**Data under study**
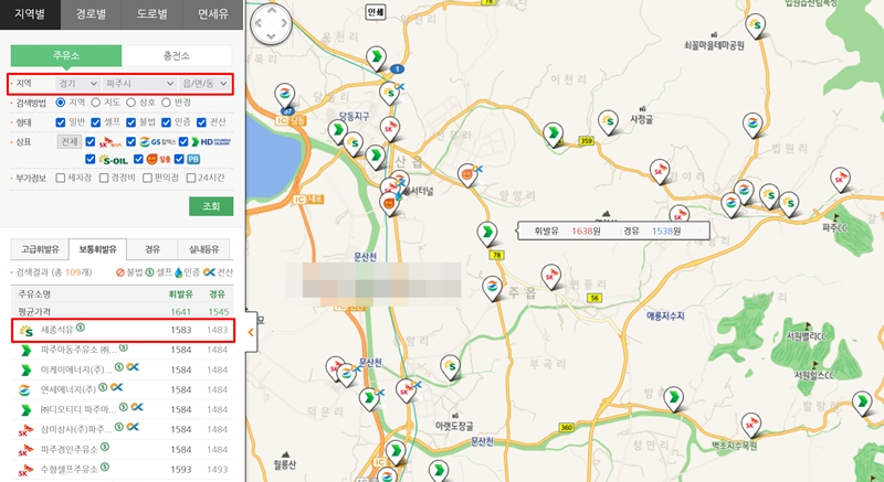 2. 지역별 검색 화면으로 이동하면 지도와 함께 상세 검색창이 나타납니다. 원하는 시/도와 시/군/구를 차례대로 선택하면, 해당 지역의 주유소들이 가격순으로 정렬된 목록과 함께 지도 위에 표시됩니다.
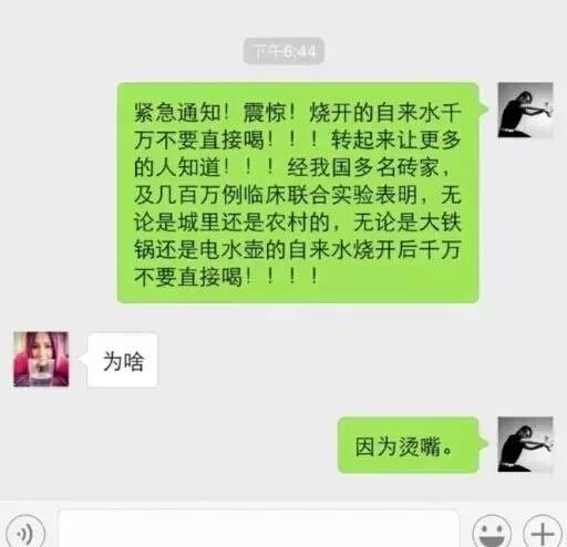 紧急通知: 震惊!太可怕了!烧开的自来水千万不要直接喝,转起来,让更多的人知道,经国内外数名专家及几千万例临床联合实验表明,无论是城市还是农村,无论是大铁锅、电水壶还是饮水机烧开的自来水,千万不要马上直接喝!直接喝的话,烫得很!
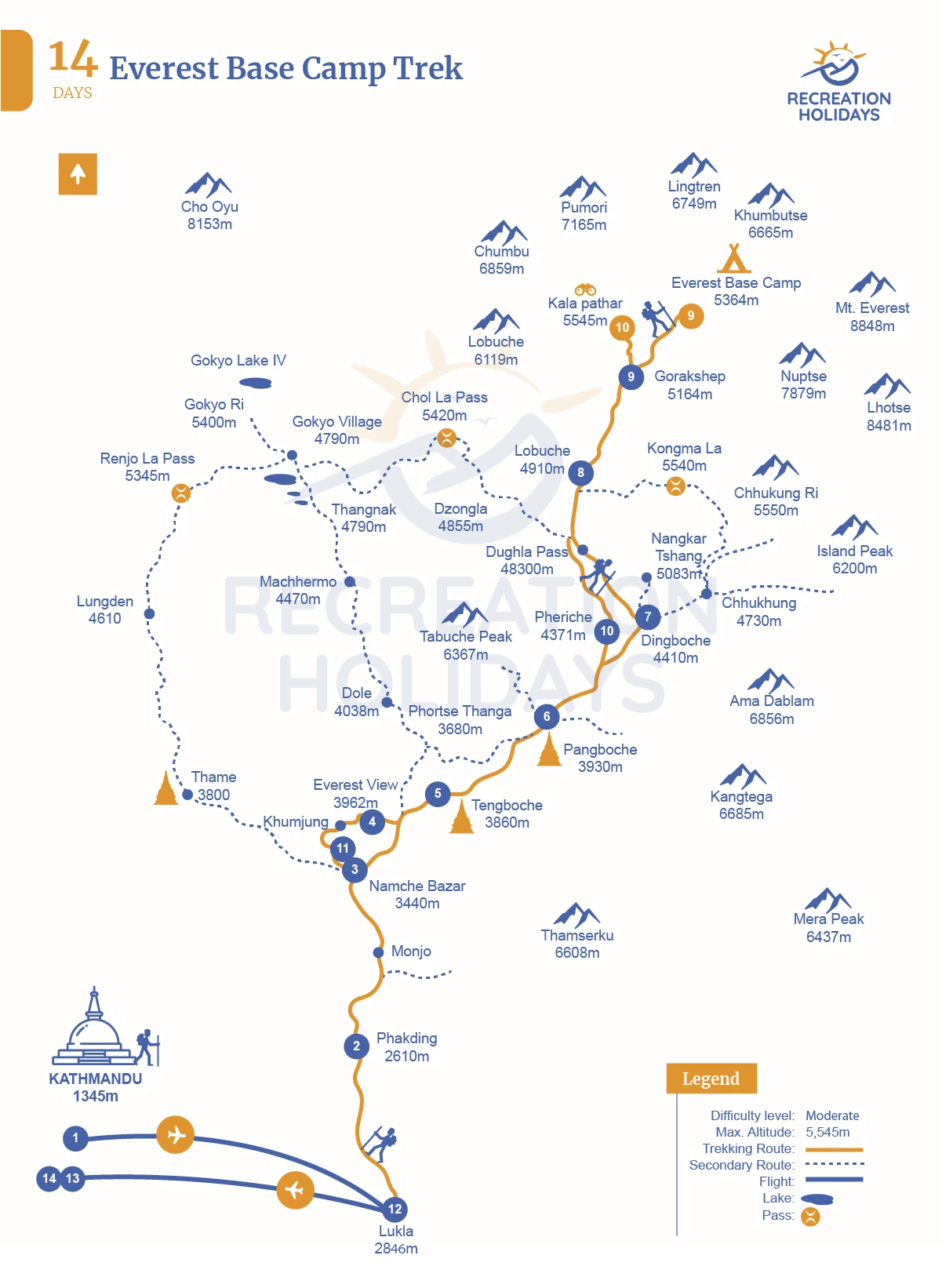 The Everest Base Camp trek is a legendary 14-day Himalayan journey offering breathtaking views of Mount Everest, Lhotse, and Ama Dablam. If you're planning your Everest Base Camp trek 2025 or 2026, Recreation Holidays provides expertly guided treks with all-inclusive services to make your adventure safe, memorable, and hassle-free. Our professionally designed Everest Base Camp trek packages cover everything — from experienced Everest Base Camp trek guides, accommodations, and logistics to required Everest Base Camp trek permits. Whether you're searching for the Mount Everest Base Camp trek cost, comparing the price for Everest Base Camp trek, or looking for reliable Everest Base Camp trek operators, we offer transparent pricing and expert support. With our guided Everest Base Camp trek, you'll walk through Sherpa villages, explore the Khumbu region, and follow a detailed Everest Base Camp trek itinerary led by certified Everest Base Camp trek guides. Choose the best time for Everest Base Camp trek and let Recreation Holidays turn your trekking dream into reality.
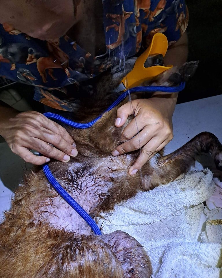 After full tests on arrival at the Sanctuary, we needed a vet consult the following day to assess the nature of his injuries. He has injuries to his legs, lots of ticks, and his liver was inflamed, but the dislocated vertebrae were the cause of his immobility. We hope that with care and laser treatments, which promotes bone and cartilage growth around the dislocation, he will get back on his feet again. Any financial help with his treatments, which will amount to $500 or more, will be most welcome. You can visit our Donate page for information on how to contribute to the ever-growing expense of looking after the welfare of 160+ animals.
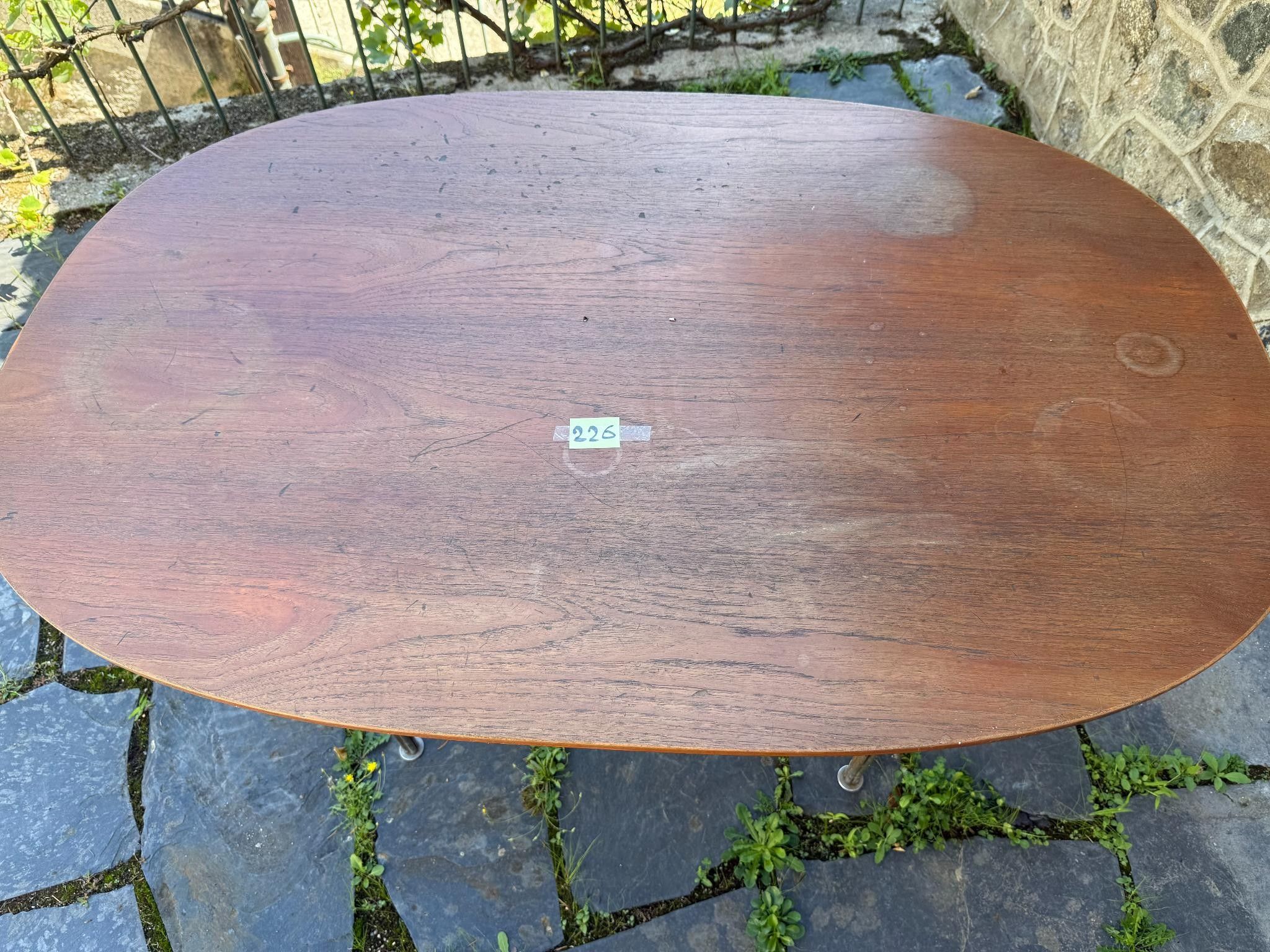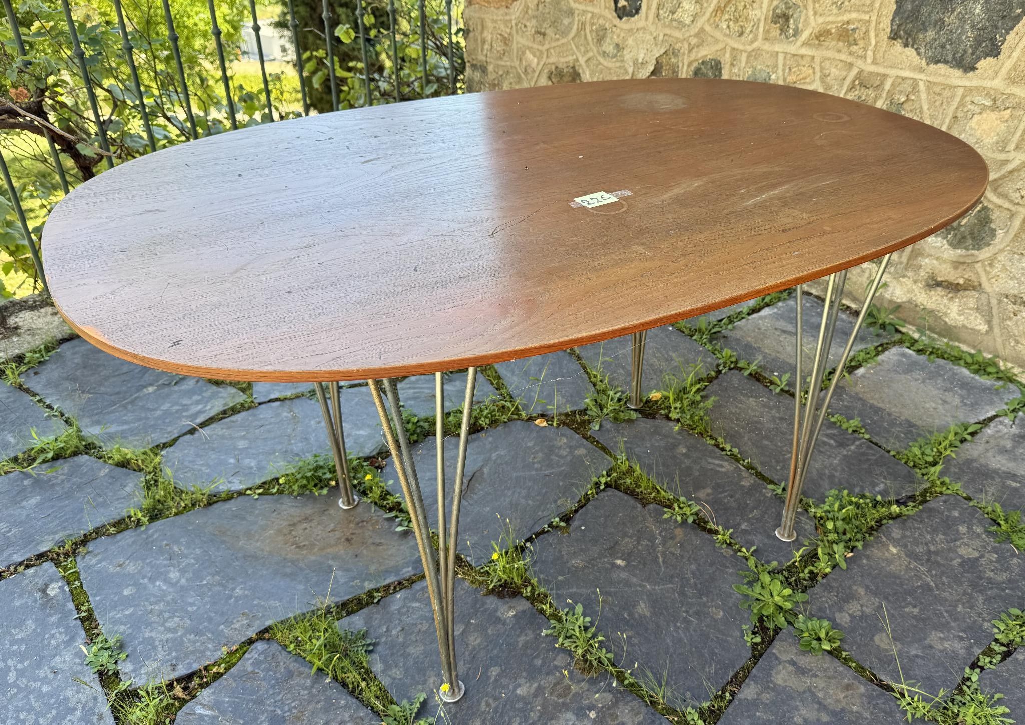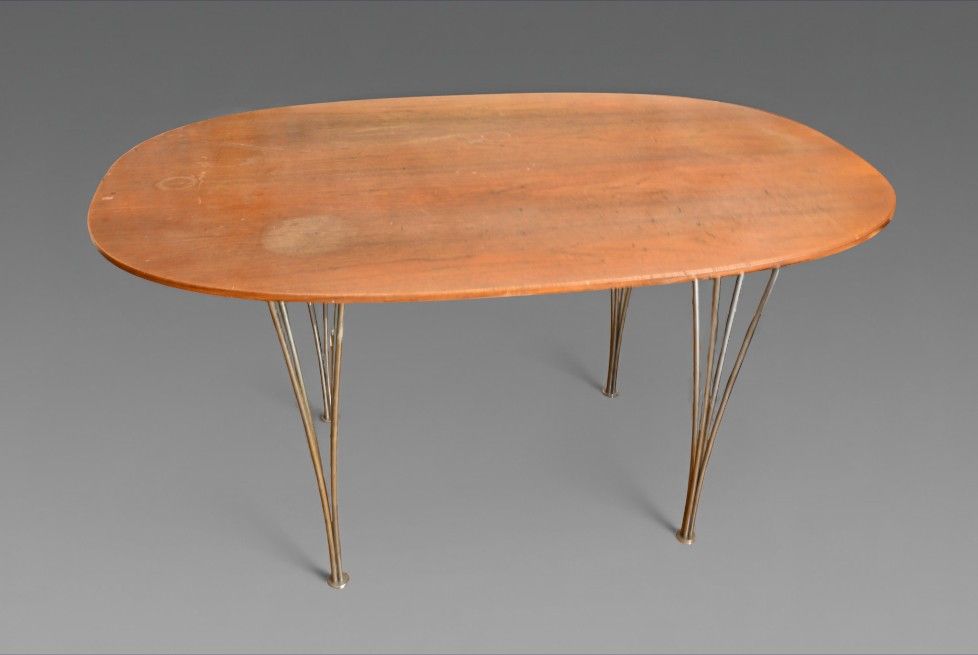 Piet HEIN, Editions Fritz Hansen. Elipse dining table. Oval wooden top resting on four chromed metal legs. Signed Fritz Hansen Denmark. Label. Dimensions 70 X 135 X 90 cm. Scratches, traces of glass.

**Task prompt**
Starting at the line that contains "After full tests", retype each line through the end of the data exactly, and leave out every picture.

**Response to the task**
 After full tests on arrival at the Sanctuary, we needed a vet consult the following day to assess the nature of his injuries. He has injuries to his legs, lots of ticks, and his liver was inflamed, but the dislocated vertebrae were the cause of his immobility. We hope that with care and laser treatments, which promotes bone and cartilage growth around the dislocation, he will get back on his feet again. Any financial help with his treatments, which will amount to $500 or more, will be most welcome. You can visit our Donate page for information on how to contribute to the ever-growing expense of looking after the welfare of 160+ animals.
 Piet HEIN, Editions Fritz Hansen. Elipse dining table. Oval wooden top resting on four chromed metal legs. Signed Fritz Hansen Denmark. Label. Dimensions 70 X 135 X 90 cm. Scratches, traces of glass.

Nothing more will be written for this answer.